Marriage equality got a big boost last week from Judge Vaughn Walker who threw out California’s Proposition 8 based on all evidence showing it was discriminatory and no evidence or witnesses offering any reason to prevent gays and lesbians from marrying — other than because they said so.
The next day, the Mexican Supreme Court handed down a decision upholding marriage equality in Mexico City by a decision of 8-2 Reports have come out today saying that the Supreme Court there has ruled that not only is Mexico City’s same-sex marriage law constitutional, but same-sex couples legally married in Mexico City have to be recognized as legally married throughout Mexico, even by those states that don’t allow gays to marry, according to CNN Mexico.
An unscientific Fox News poll shows (what Fox News poll really IS scientific?) showed more than 70 percent agree with the Judge Walker’s ruling.
So we have marriage in all three North American capitals, across Canada and in five U.S. states.

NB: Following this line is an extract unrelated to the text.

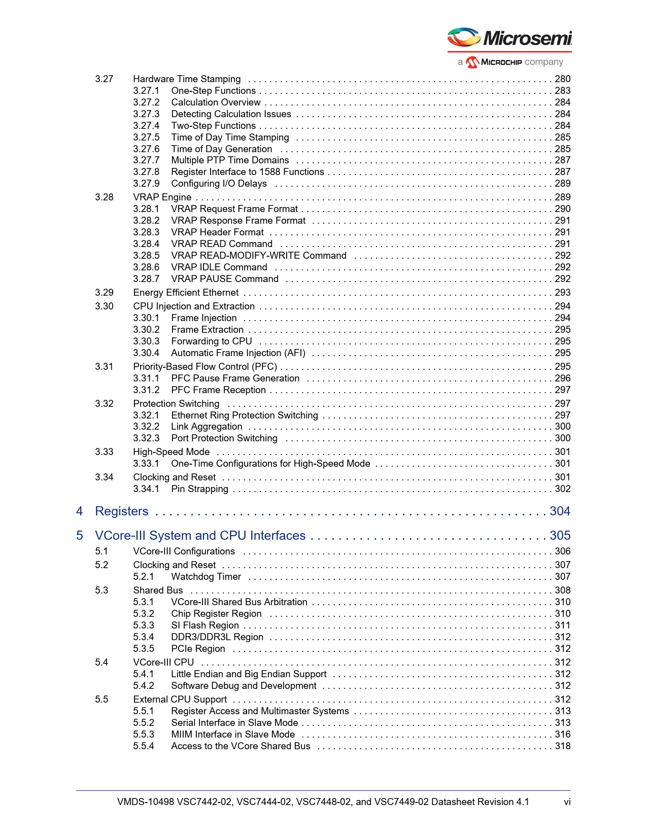 link to page 299 link to page 302 link to page 303 link to page 303 link to page 303 link to page 304 link to page 304 link to page 306 link to page 306 link to page 308 link to page 308 link to page 309 link to page 310 link to page 310 link to page 310 link to page 311 link to page 311 link to page 311 link to page 312 link to page 313 link to page 313 link to page 314 link to page 314 link to page 314 link to page 314 link to page 315 link to page 316 link to page 316 link to page 316 link to page 319 link to page 319 link to page 320 link to page 320 link to page 320 link to page 321 link to page 323 link to page 324 link to page 325 link to page 326 link to page 326 link to page 327 link to page 329 link to page 329 link to page 330 link to page 331 link to page 331 link to page 331 link to page 331 link to page 331 link to page 331 link to page 332 link to page 332 link to page 335 link to page 337 3.27 Hardware Time Stamping . 280 3.27.1 One-Step Functions . 283 3.27.2 Calculation Overview . 284 3.27.3 Detecting Calculation Issues . 284 3.27.4 Two-Step Functions . 284 3.27.5 Time of Day Time Stamping . 285 3.27.6 Time of Day Generation . 285 3.27.7 Multiple PTP Time Domains . 287 3.27.8 Register Interface to 1588 Functions . 287 3.27.9 Configuring I/O Delays . 289 3.28 VRAP Engine . 289 3.28.1 VRAP Request Frame Format . 290 3.28.2 VRAP Response Frame Format . 291 3.28.3 VRAP Header Format . 291 3.28.4 VRAP READ Command . 291 3.28.5 VRAP READ-MODIFY-WRITE Command . 292 3.28.6 VRAP IDLE Command . 292 3.28.7 VRAP PAUSE Command . 292 3.29 Energy Efficient Ethernet . 293 3.30 CPU Injection and Extraction . 294 3.30.1 Frame Injection . 294 3.30.2 Frame Extraction . 295 3.30.3 Forwarding to CPU . 295 3.30.4 Automatic Frame Injection (AFI) . 295 3.31 Priority-Based Flow Control (PFC) . 295 3.31.1 PFC Pause Frame Generation . 296 3.31.2 PFC Frame Reception . 297 3.32 Protection Switching . 297 3.32.1 Ethernet Ring Protection Switching . 297 3.32.2 Link Aggregation . 300 3.32.3 Port Protection Switching . 300 3.33 High-Speed Mode . 301 3.33.1 One-Time Configurations for High-Speed Mode . 301 3.34 Clocking and Reset . 301 3.34.1 Pin Strapping . 302 4 Registers . 304 5 VCore-III System and CPU Interfaces . 305 5.1 VCore-III Configurations . 306 5.2 Clocking and Reset . 307 5.2.1 Watchdog Timer . 307 5.3 Shared Bus . 308 5.3.1 VCore-III Shared Bus Arbitration . 310 5.3.2 Chip Register Region . 310 5.3.3 SI Flash Region . 311 5.3.4 DDR3/DDR3L Region . 312 5.3.5 PCIe Region . 312 5.4 VCore-III CPU . 312 5.4.1 Little Endian and Big Endian Support . 312 5.4.2 Software Debug and Development . 312 5.5 External CPU Support . 312 5.5.1 Register Access and Multimaster Systems . 313 5.5.2 Serial Interface in Slave Mode . 313 5.5.3 MIIM Interface in Slave Mode . 316 5.5.4 Access to the VCore Shared Bus . 318 VMDS-10498 VSC7442-02, VSC7444-02, VSC7448-02, and VSC7449-02 Datasheet Revision 4.1 vi Document Outline 1 Revision History 1.1 Revision 4.1 1.2 Revision 4.0 2 Product Overview 2.1 General Features 2.2 Layer 2 and Layer 3 Forwarding 2.3 Timing and Synchronization 2.4 Quality of Service 2.5 Security 2.6 Management 2.7 Product Parameters 2.8 Applications 2.9 Functional Overview 2.9.1 Frame Arrival in Ports and Port Modules 2.9.2 Basic Classification 2.9.3 Security and Control Protocol Classification 2.9.4 Policing 2.9.5 Layer 2 Forwarding 2.9.6 Layer 3 Forwarding 2.9.7 Shared Queue System and Hierarchical Scheduler 2.9.8 Rewriter and Frame Departure 2.9.9 CPU Port Module 2.9.10 Synchronous Ethernet and Precision Time Protocol (PTP) 3 Functional Descriptions 3.1 Register Notations 3.2 Frame Headers 3.2.1 Internal Frame Header Placement 3.2.2 Internal Frame Header Layout 3.2.3 VStaX Header 3.3 Port Numbering and Mappings 3.3.1 SERDES Macro to I/O Pin Mapping 3.3.2 Supported Port Interfaces 3.3.3 QSGMII 3.3.4 10G Modes 3.3.5 VSC7442-02 Port Numbering and Port Mappings 3.3.6 VSC7444-02 Port Numbering and Port Mappings 3.3.7 VSC7448-02 Port Numbering and Port Mappings 3.3.8 VSC7449-02 Port Numbering and Port Mappings 3.3.9 Logical Port Numbers 3.4 SERDES1G 3.5 SERDES6G 3.6 SERDES10G 3.7 DEV1G and DEV2G5 Port Modules 3.7.1 MAC 3.7.2 Half-Duplex Mode 3.7.3 Physical Coding Sublayer (PCS) 3.7.4 Port Statistics 3.8 DEV10G Port Module 3.8.1 MAC 3.8.2 Physical Coding Sublayer (PCS) 3.8.3 Port Statistics 3.9 Assembler 3.9.1 Setting Up a Port in the Assembler 3.9.2 Setting Up a Port for Frame Injection 3.9.3 Setting Up MAC Control Sublayer PAUSE Frame Detection 3.9.4 Setting Up PFC 3.9.5 Setting Up Assembler Port Statistics 3.9.6 Setting Up the Loopback Path 3.10 Versatile Content-Aware Processor (VCAP™) 3.10.1 Configuring VCAP 3.10.2 Wide VCAP Entries and Actions 3.10.3 Individual VCAPs 3.10.4 VCAP Programming Examples 3.11 Pipeline Points 3.11.1 Pipeline Definitions 3.12 Analyzer 3.12.1 Initializing the Analyzer 3.13 VCAP CLM Keys and Actions 3.13.1 Keys Overview 3.13.2 VCAP CLM X1 Key Details 3.13.3 VCAP CLM X2 Key Details 3.13.4 VCAP CLM X4 Key Details 3.13.5 VCAP CLM X8 Key Details 3.13.6 VCAP CLM X16 Key Details 3.13.7 VCAP CLM Actions 3.14 Analyzer Classifier 3.14.1 Basic Classifier 3.14.2 VCAP CLM Processing 3.14.3 QoS Mapping Table 3.14.4 Analyzer Classifier Diagnostics 3.15 VLAN and MSTP 3.15.1 Private VLAN 3.15.2 VLAN Pseudo Code 3.16 VCAP LPM: Keys and Action 3.16.1 VCAP LPM SGL_IP4 Key Details 3.16.2 VCAP LPM DBL_IP4 Key Details 3.16.3 VCAP LPM SGL_IP6 Key Details 3.16.4 VCAP LPM DBL_IP6 Key Details 3.16.5 VCAP LPM Actions 3.17 IP Processing 3.17.1 IP Source/Destination Guard 3.17.2 IP Routing 3.17.3 Frame Types for IP Routing 3.17.4 Statistics 3.17.5 IGMP/MLD Snooping Switch 3.18 VCAP IS2 Keys and Actions 3.18.1 VCAP IS2 Keys 3.18.2 VCAP IS2 Actions 3.19 Analyzer Access Control Lists 3.19.1 VCAP IS2 3.19.2 Analyzer Access Control List Frame Rewriting 3.20 Analyzer Layer 2 Forwarding and Learning 3.20.1 Analyzer MAC Table 3.20.2 MAC Table Updates 3.20.3 CPU Access to MAC Table 3.20.4 SCAN Command 3.2

Marriage in Argentina. Marriage being debated in Uruguay and civil unions proposed in Chile, Paraguay and Costa Rica. And you can hardly find a European country anymore that doesn’t treat gays, lesbians and straights equally.
The world is getting more and more difficult for those of us who believe in hot, sweaty, meaningless gay sex as it’s existed since Biblical times.

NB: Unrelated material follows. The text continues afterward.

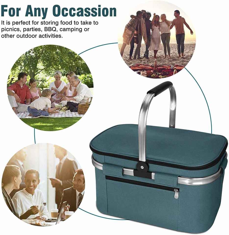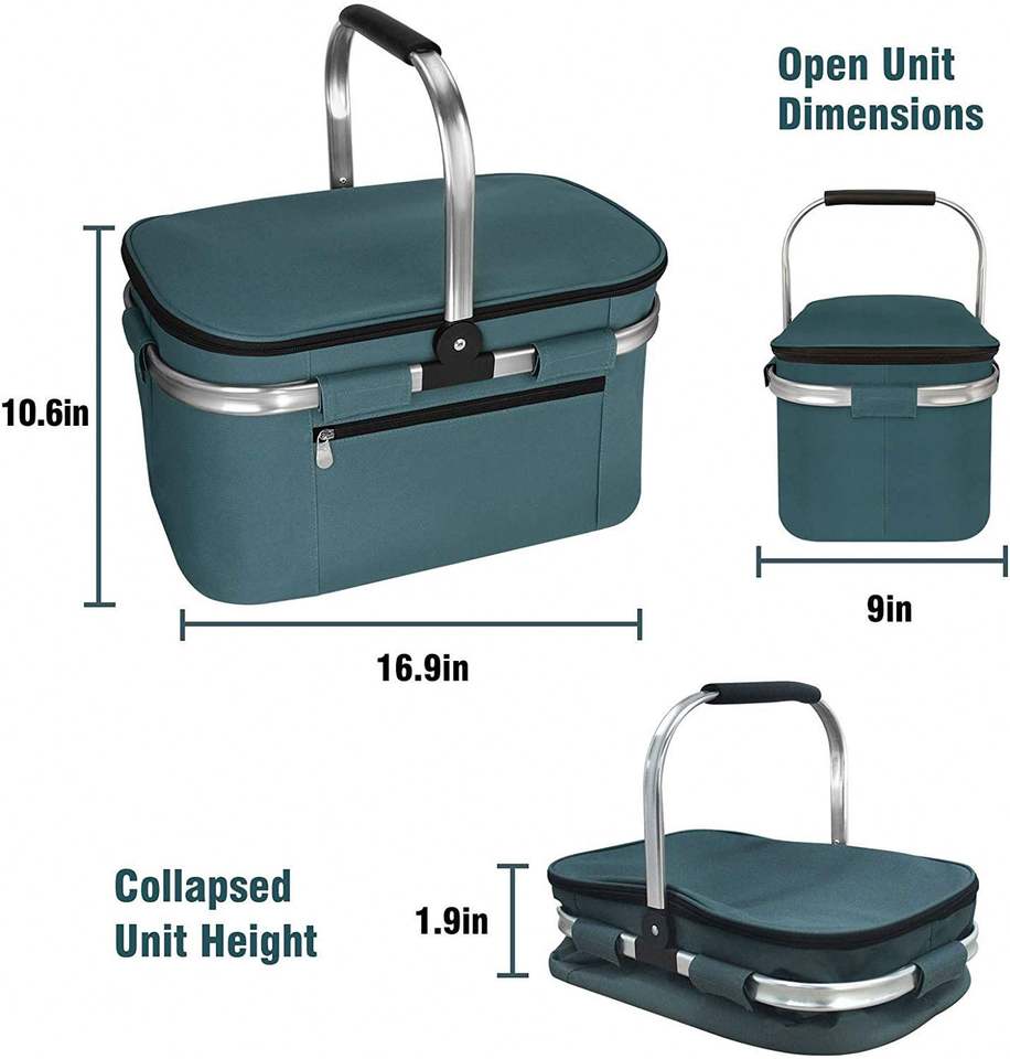 กระเป๋าเก็บความเย็นแบบมีลายทาง ทำจากโพลีเอสเตอร์ พร้อมชุดอุปกรณ์ปิกนิกและกระเป๋าเก็บความเย็นแบบพกพา ป้องกันการรั่วซึมและพับเก็บได้

While I understand the right people have to get married, little has been said lately for those of us who don’t want to marry. Ever.
First there’s the wedding. I hate weddings — gay or straight. I always have. I avoid them like the plague.
Pretending to be happy for the couple. Shopping for the gifts — especially if they’ve registered someplace I’m boycotting. Dressing up in something other than my trademark sneakers. Weddings, to me, are torture.
Next there are those 1,000-plus benefits married couples get. There are also a few I’ve benefited from over the years that unmarried people enjoy.
A former partner and I bought a house in Dallas and a house on Cedar Creek Lake. He homesteaded the Dallas house. I homesteaded the Henderson County house. A married couple can only homestead one property but Texas didn’t recognize our relationship so this was completely legal. They can’t have it both ways.
As a homesteaded Henderson County resident, albeit only two days a week, I registered my car at the county courthouse in Athens for less than it would have cost in Dallas and as a bonus got lower insurance rates as well. (This was long before gay-friendly Progressive Insurance came along. That company happily calls my current domestic partner and me a couple — cheap ploy to get ALL of our business.)
For older Americans, social security benefits are often lower for couples than for singles. My father and his wife never got a civil marriage because their monthly pension check would have been lower as a couple than they received as singles.
But one of the biggest benefits is not taking on the debt of, or dividing the wealth with, your dead-beat ex-husband. A married couple, especially in a community property state, divides all wealth and all debts equally between spouses.
So in divorce number 13, I would have had to give up some of my stuff and gotten nothing from him. And in divorce number 17, I would have acquired half of his massive Neiman Marcus bill.
Marriage? No thank you. I’ll stick to uncommitted, meaningless relationships as they’ve existed since Biblical times. Maybe even longer. (And yes, therapy’s been recommended — by friends, co-workers and Candy Marcum.)